We had a health fair and pre-screened some employees, voluntarily, and we found cases of terribly high blood sugar and blood pressure. The nurses told us that a few people needed to go to the doctor immediately. So we decided to provide individual screening for all of our employees. Nurses came to our site, and we had an 85 percent participation rate. Now we are trying to come up with rewards for bringing blood sugar down or losing weight—whatever your personal goal might be—but that penalizes people who already take care of themselves. We haven’t solved this dilemma.
You provide $1,000 scholarships to the children of employees who want to attend college. How do you justify this expense?
We award four to six a year and we have done it for 10 years. It just feels right. But I have an ulterior motive. We’re in the boonies, and it’s tough to hire people for administrative positions. So this is an investment in our future workforce.

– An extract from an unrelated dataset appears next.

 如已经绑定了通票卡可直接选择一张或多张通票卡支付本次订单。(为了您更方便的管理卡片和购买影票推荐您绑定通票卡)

All these benefits—you must have low turnover.
We have maybe two voluntary quits a year out of 200 employees. I’ve learned that retention is not so much about wages. It’s about communication. I have an open-door policy. People know they can come bug me at any time, and I try to be a good listener.
Are sustainable practices easier or harder at your size?
Size has nothing to do with it. Sustainability is about metrics, being able to measure progress, like fuel savings or efficiency. Everybody can do it.